The PACT units drift slowly downwards, relying on presenting their firm wall of iron - seven, close-knit hammers collapsing upon Cera. But I feel no fear. No apprehension. This is what the CSDF has been theorycrafting and preparing for for decades. Their wall of iron is met with volleys of missiles and the peering lasers of defenses and ships alike, daring any pilot to take a single step out of position. Whenever a flaw appears in the PACT line, it is ended. Both sides feel painfully slow to someone like me, but that is to be expected.

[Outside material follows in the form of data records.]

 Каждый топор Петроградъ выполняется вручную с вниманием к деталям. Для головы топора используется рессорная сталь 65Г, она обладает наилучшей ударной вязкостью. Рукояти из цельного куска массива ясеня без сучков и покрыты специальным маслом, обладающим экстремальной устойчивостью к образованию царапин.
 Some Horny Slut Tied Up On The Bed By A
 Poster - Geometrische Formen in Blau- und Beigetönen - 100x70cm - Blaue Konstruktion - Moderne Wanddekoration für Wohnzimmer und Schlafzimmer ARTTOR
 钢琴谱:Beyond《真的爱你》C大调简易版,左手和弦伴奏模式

The hum of the Skip drives slowly grows louder, rumbling at the base of my skull. The Sunrider… she yearns to taste the other void. Born to walk where no other ship can, she wants to see it for her first time. I know she’s ready. I know she’s waiting. I see the Ceran admirals and captains maneuver their ships into position for the coming battle - to pierce the curtain of steel surrounding our world and transform their perfect little battle line into a hundred little brawls - in those, our wolfpacks excel and our cruisers are better supported, and our battleships can thunder on without a care. I-
Jump event. Big jump event. A ship hangs over Cera - as large as some great asteroid, yet obviously manmade. Plated with that red metal that sets the tone for world conquest, I have time only to read the nameplate - RCNS Legion - before trinities light themselves, and sweep across the orbits of my homeworld.
…
…pain…
The Sunrider… she is in disarray. Emergency lighting consumes her halls, mighty plate and dense hull reinforcement drifts into space as vapour, her machines screaming as they struggle to coordinate. I feel overwhelmed, one of a few communications nodes that has not failed, and thus I am forced to collate and shunt data even as I clutch my head.

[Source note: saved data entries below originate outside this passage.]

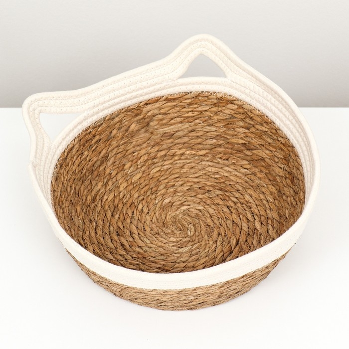Экологичный лежак для животных (хлопок+рогоз), 35 х 27 х 13 см, вес до 8 кг, белая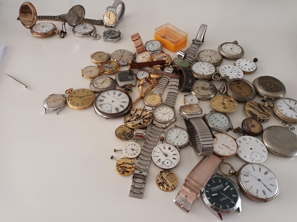 de grote berg troep is voor onderdelen: de zakhorloge onderdelentroep is voor een vriend die vooral zakhorloges en wekkertjes doet. ik breng dat altijd standaard mee om meteen door te geven als kadootje. De polshorlogetroep belandt hier ergens in de schuifjes
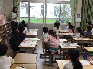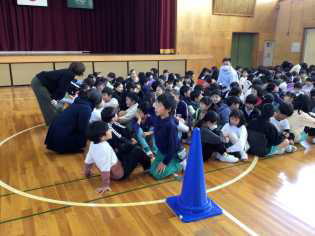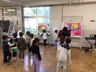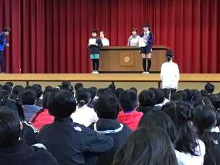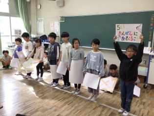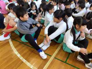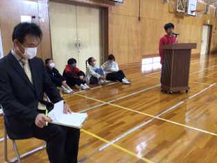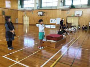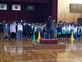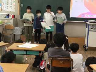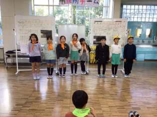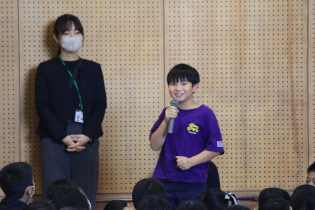 練習の最後には、定番の振り返りをしました。ペアで行った後、各学年の代表者が振り返りを述べました。全校の前でも自分から手を挙げ、りっぱに話す姿はすてきでした🎵 |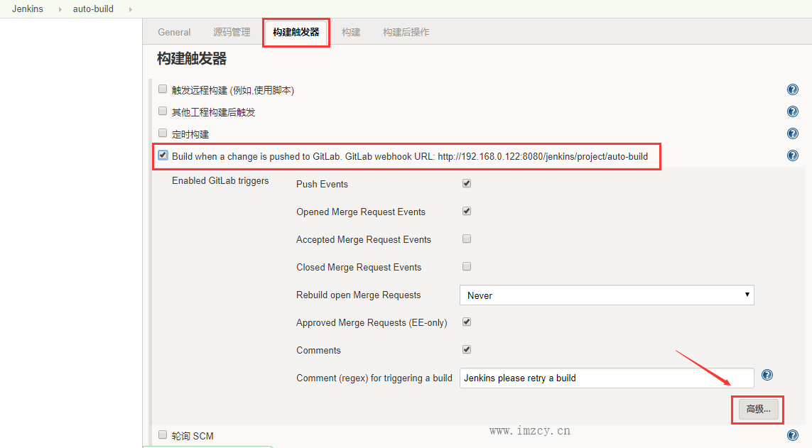 2.4、在构建触发器这里,选择[将更改推送到gitlab时构建],记得新建个记事本复制后面的网址等下要用到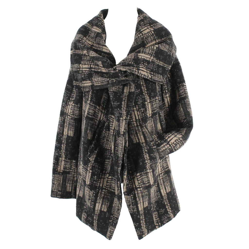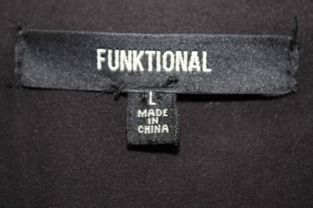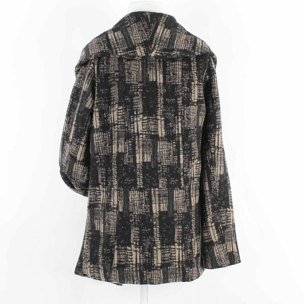 Funktional Sz L Black Tan Plaid Big Collar Lined Zip Wool Blend Poly Jacket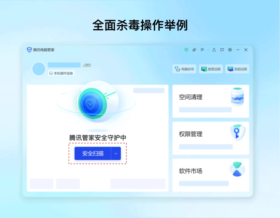 微信安全中心提示:如果在电脑上打开异常内容或可疑行为,需要及时退出电脑登录的重要账号,对电脑进行全面杀毒,确保木马程序在正常启用电脑前被清洗干净。在日常工作和生活中,可以定期使用杀毒软件安全扫描电脑环境,清理潜在风险。以电脑管家为例,全面杀毒可以轻松完成几个步骤。

The well-planned fleet action that would’ve cut down the invaders or raiders or whatever they intended to be is drifting, faintly firing into the unbroken masses of ships that now pick them apart. The defense grid is shattered, surviving pieces helpless without support. I seal a hull section, venting it instead of allowing a fire to spread. Someone dies.
Someone else is yelling at me. I can’t hear her. I pick up a sensory song - my electronic eyes… the Sunrider’s eyes… are trying to tell me something. A big, red spike from the enemy ship. Now that I look at it, it seems kind of like a spinal cannon… but what is it pointed at?
The laser touches down.
“Bye, Kayto! Bring back something for me!” she says as she waves goodbye. I wave back, not that the polarized tiny windows would let her see.
I check. I recheck. I ask abandoned sensor stations for a second opinion. Every time it is the same. Cera City is gone, and a smoldering crater has replaced it.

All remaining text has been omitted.